Minister of Education Pan Wen-chung (潘文忠) attributed the delay to the reshuffled curriculum review committee, which was formed last year in the wake of controversial revisions to high-school Chinese literature and social studies curriculum guidelines that sparked widespread student-led protests in 2015.
The committee consists of sub-committees comprising students, parents and academics, with members of the latter two groups nominated and approved by the legislature’s Education and Culture Committee, Pan said.
Photo: Peter Lo, Taipei Times
With the exception of guidelines created for social studies, which had to undergo a second review after the controversy broke out, all other guidelines have passed the ministry’s review, Pan said.
All new guidelines will be simultaneously implemented in September next year, he said.
Pan was asked about a local report saying that the delay was caused by the National Academy for Educational Research — which oversees the committee — doubling as committee members, which goes against provisions in last year’s amendments to the Senior High School Education Act (高級中等教育法).
“We did spend some time making adjustments after finding out about the issue,” Pan said.
Adjustments were made to the composition of the committee to ensure that it would be able to operate in an unbiased manner, he said.
The delay in the implementation of the guidelines also means that the students to which they will apply will be different, he said.

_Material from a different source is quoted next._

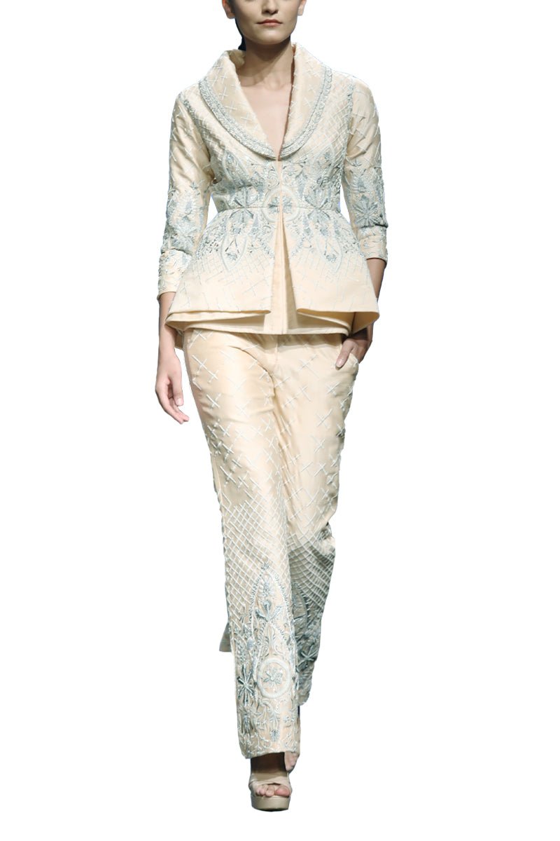 Ivory organza embroidered top, powder blue chanderi pants & embroidered front open long jacket.Color: Ivory, Powder BlueFabric: Organza & ChanderiCare Instructions: Dry Clean Only.

Students who are now in their first year of junior-high school, as well as fourth-graders in elementary schools will be the first to be affected by the guidelines, he said.
A new college entrance examination system proposed last month by the College Recruitment Commission that would reduce the number of subject tests from five to four is to be launched on a trial basis in September 2021, he said.
First-graders at junior-high schools will also be the first to be compiling “learning portfolios” that will allow them to provide their achievements on extracurricular activities as references when they apply to universities, he said.
Despite the delay, Pan said that 148 “pilot” high schools have been offering interdisciplinary elective courses — a feature of the 12-year national education system — for students to sign up.
The courses are designed to give students more freedom to pursue their interests and engage in hands-on tasks, thereby gaining knowledge across various fields of study and better priming them for university, he said.
The ministry is also drawing up a plan to push back the timeframe in which high-school students are required to apply to universities amid criticism that the system has affected learning among senior-high school students.